I seem to have a problem with suit trousers, which is keeping them up in the right place. They seem to slip down until they're resting on my hips. Either that or I have to wear them the way that pop group Erasure wore jeans - pulled up too high.
Is this because I'm odd - I don't seem to have a narrowing of the waist in the right place. Not overweight (well, could lose a few pounds, but my BMI is at the top of healthy), before overweight).
I'm getting my tailor in Hong Kong to make a suit for me and wondered if side adjusters on the waist would solve the problem. I know that the best solution would be braces, which would also allow my trousers to hang better. But I'm in my late 20s and don't work at a bulge bracket bank, and would feel ridiculous wearing them.
Oh - can i ask one other thing.

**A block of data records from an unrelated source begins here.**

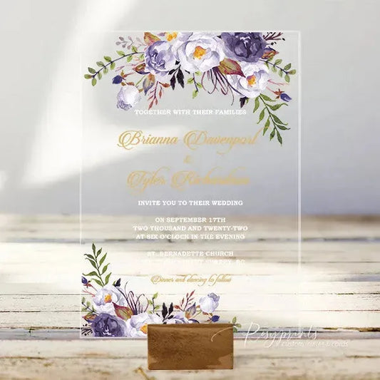 shades of purple floral acrylic wedding invitations ROSYA18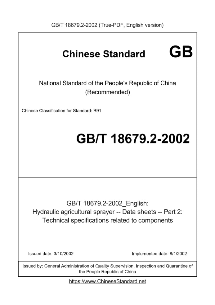Delivery: <= 5 days. True-PDF full-copy in English will be manually translated and delivered via email. GB/T 18679.2-2002: Hydraulic agricultural sprayer -- Data sheets -- Part 2: Technical specifications related to components Status: Obsolete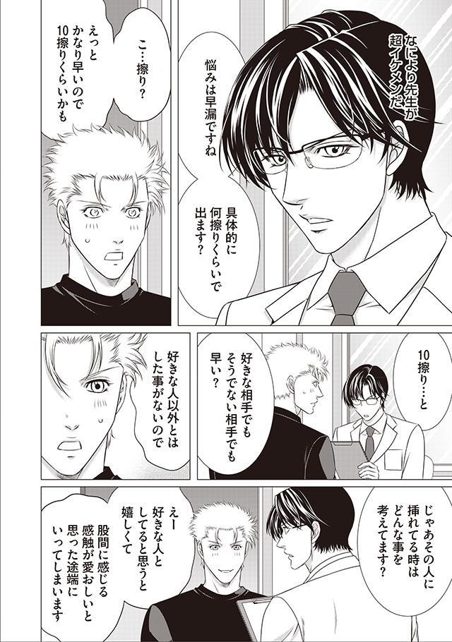 下半身のお悩みを解決するゲイ専門のクリニック。早漏に悩む野口はえっちな治療を施される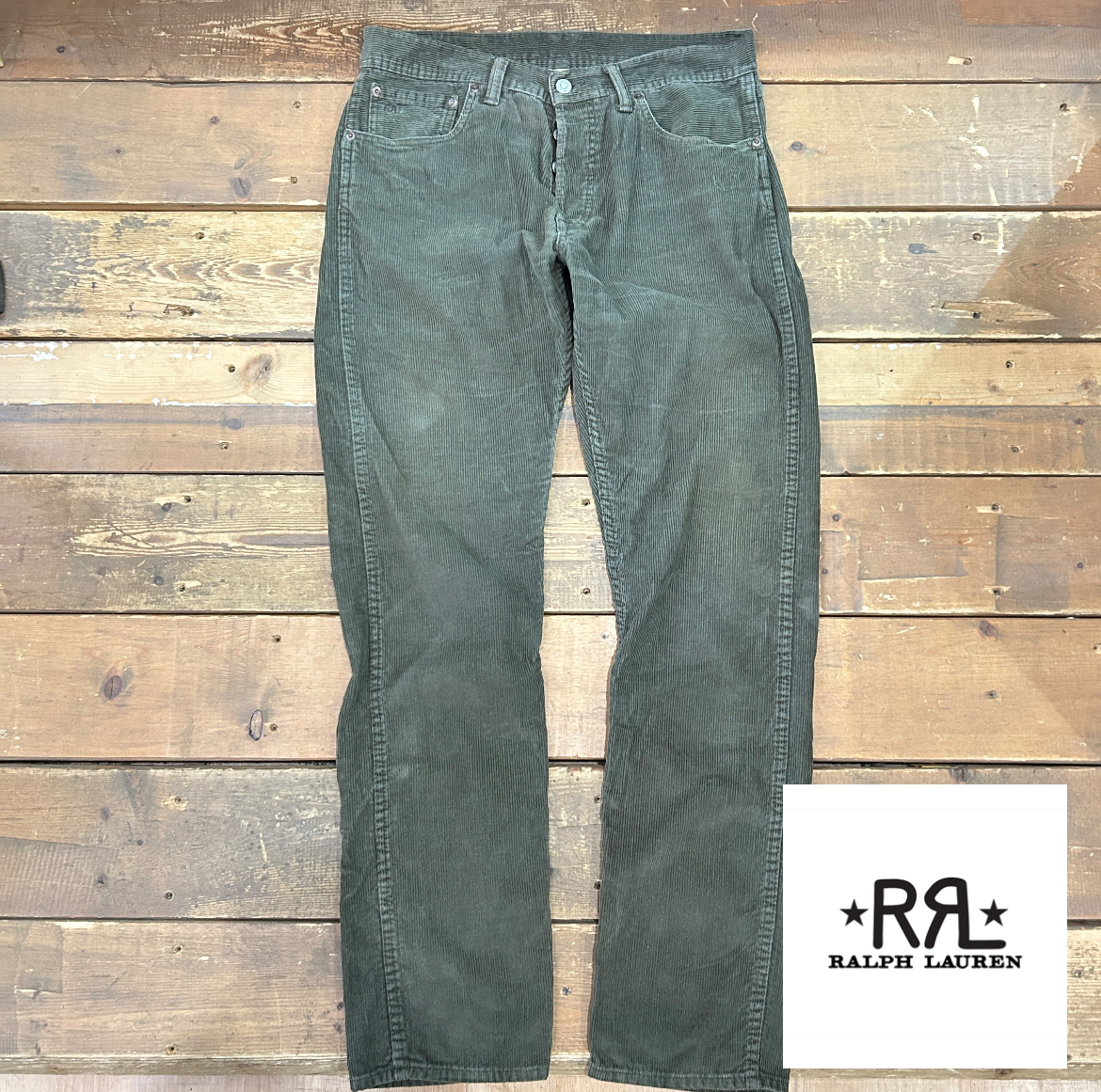 RRL / ダブルアールエル DOUBLE RL SLIM FIT テーパードコーデュロイパンツ W31L30 カーキグリーン ラルフローレン USED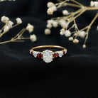 Moissanite 6X8 MM Oval Engagement Ring with Garnet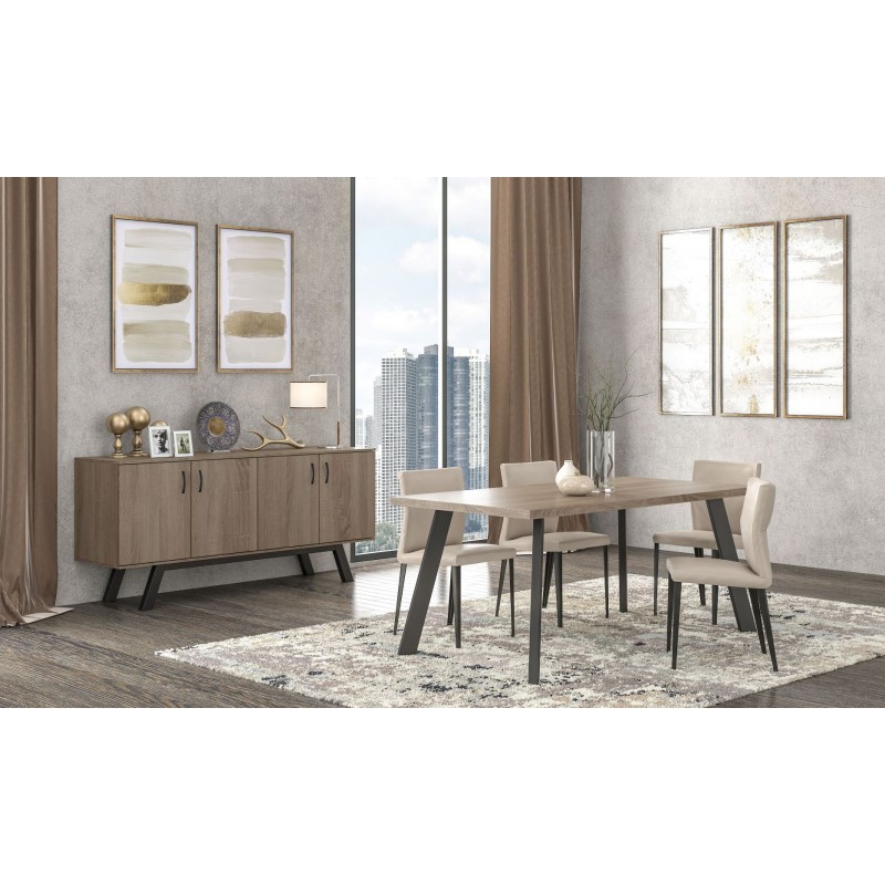 Μπουφές από υψηλής ποιότητας μελαμίνη σε μόκα απόχρωση με μεταλλική βάση και πόδια σε μαύρο χρώμα και μαύρα χερούλια.Διαστάσεις:

Would it be incorrect to have sloping pockets, including an external ticket pocket, with pinstripe fabric?
Gus[/i]
Am I odd?
I also have this problem. I doubt that side adjusters would be a lot better than a belt, although making the waistband tight enough is always a good idea-- gives the belt a fighting chance. Otherwise, your best bet is to find a tailor who understands trousers and your body-- not as easy as it sounds. I've had trousers that (mostly) stay up, and others that I'm always fighting. Rise measurement per se seems not to be the real problem. Getting the seat and thighs right seems to have a lot more to do with it.
And I wouldn't go for hacking pockets on a suit, with or without the ticket pocket. Others will disagree, which is their right if they're the ones shelling out money.
And I wouldn't go for hacking pockets on a suit, with or without the ticket pocket. Others will disagree, which is their right if they're the ones shelling out money.
In my experience, getting belted trousers that stay up at or near the waist without slipping is the second hardest thing to get right with trousers. (Getting a rear crease that hangs straight is the hardest). Concordia is right that it has less to do with the rise and more to do with the curvature of the seat and lower back areas, and also making sure that the waistband properly rises in back.